Who are You?
Who should be the Facilitator for your Anywear Academy?
Whoever wants to be!
The person who has the most drive to pull a group together and start up a game often ends up being the Facilitator by default, but that doesn’t have to be the case.
As long as you have experience working with kids, you can be an Anywear Academy Facilitator.
There is no prerequisite background in technology, theatre, or improv necessary.
It is very easy to learn and teach others.
Role of the Facilitator
Facilitators have a special role in the edularp.
As Facilitators, you are a referee. When it’s not clear what ought to happen next, Facilitators decide how to apply the rules and keep the story going.
As Facilitators, you are a storyteller. Facilitators sets the pace of the story and presents the various challenges and encounters that the players must overcome. The Facilitator is the players’ interface to the edularp world, as well as the one who scaffoleds the adventure and describes what happens in response to the characters’ actions.
As Facilitators, you are a roleplayer. A Facilitator plays the Shapeshifting villain in the adventure, choosing their actions and leaving hints for the Trainees to uncover. Facilitators also plays the parts of all the other characters (see Non Player Characters (NPCs) for more) who the adventurers meet, including helpful ones.
The most important thing to remember about being a good Facilitar is that the rules are a tool to help you and the players have fun. The rules aren’t in charge. You’re the Facilitator—you’re in charge of the game.
Pacing
There's a lot of moving parts to keep track of when running Anywear Academy for the first time, so initially you may easily blaze through the missions at a much quicker pace than what's listed.
A tenet of the design of Anywear Academy is that it is structure in such a way that control is given more over time. The nature of the mission goes from an objective-oriented motivation to a more open-ended and intrinsically-led motivation.

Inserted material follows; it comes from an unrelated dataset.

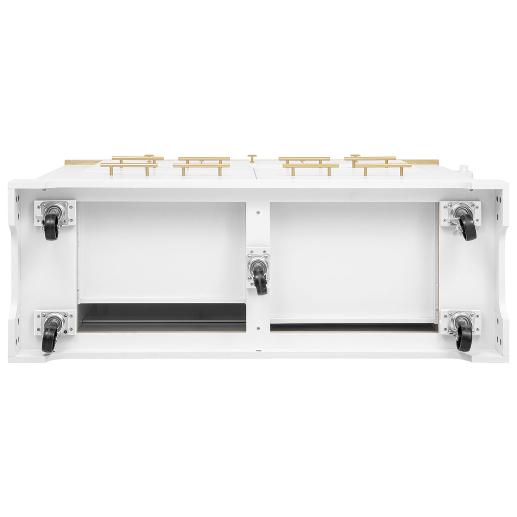The strong island base is essential for providing stability and support for the entire cart structure. You can choose to use wheels or not apply wheels as a stationary side cabinet or island.

We've designed it in this way to provide Trainees an onramp to develop ttheir creativity, independence, and self-efficacy.

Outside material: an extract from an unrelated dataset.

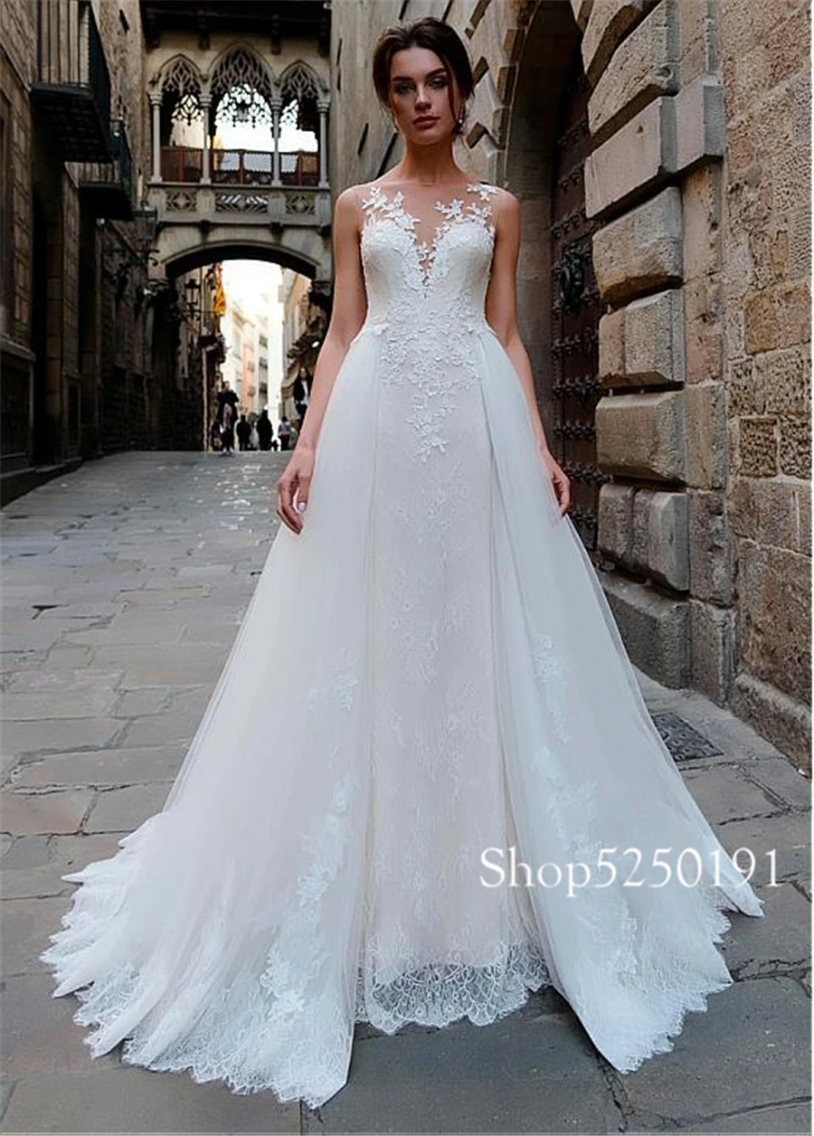 Потрясающее Тюлевое свадебное платье 2 в 1 с вырезом Лодочка и кружевной аппликацией, свадебное платье из двух предметов со съемной юбкой

Structure early on breeds comfort for both you, the Facilitator(s), and the Trainees. Coding/Crafting time is fairly unstructured and open-ended. We recommend having the initial days less open-ended at the start. This can mean shorter coding/crafting time and running more than 2 Missions that day. As everyone gets more comfortable, scaffolding control by giving it back to the students as you go along is a recipe for success.
Facilitator Tips
When in doubt, make it up.
It’s better to keep the game moving than to get bogged down in the rules.
Embrace the shared story.
Edularping is about telling a story as a group, so let your Trainees contribute to the outcome through the words and deeds of their characters.
Pay attention to how your Trainees behave with each other and with you. If there is an inside joke that develops, explore ways you can incorporate it into the Finale for a satisfying conclusion!
Also if some Trainees are reluctant to speak up, remember to ask them what their characters are doing.
It’s not a competition.
The Facilitator isn’t competing against the Trainees.
Your job is to referee the rules, interact with players as NPCs, and keep the story moving.
It is also important that Trainees are not competing with each other. As Facilitator, ensure that cooperative collaboration is the motivation behind the Trainees costume designs, not competition!
Be consistent and fair.
If you decide that a rule works a certain way, make sure it works that way the next time it comes into play. Treat the rules and your Trainees in a fair, impartial manner.
Modify the adventure to suit your tastes.
The adventure has no prescribed outcome. You can alter any encounter to make it more interesting and fun for your particular group of players.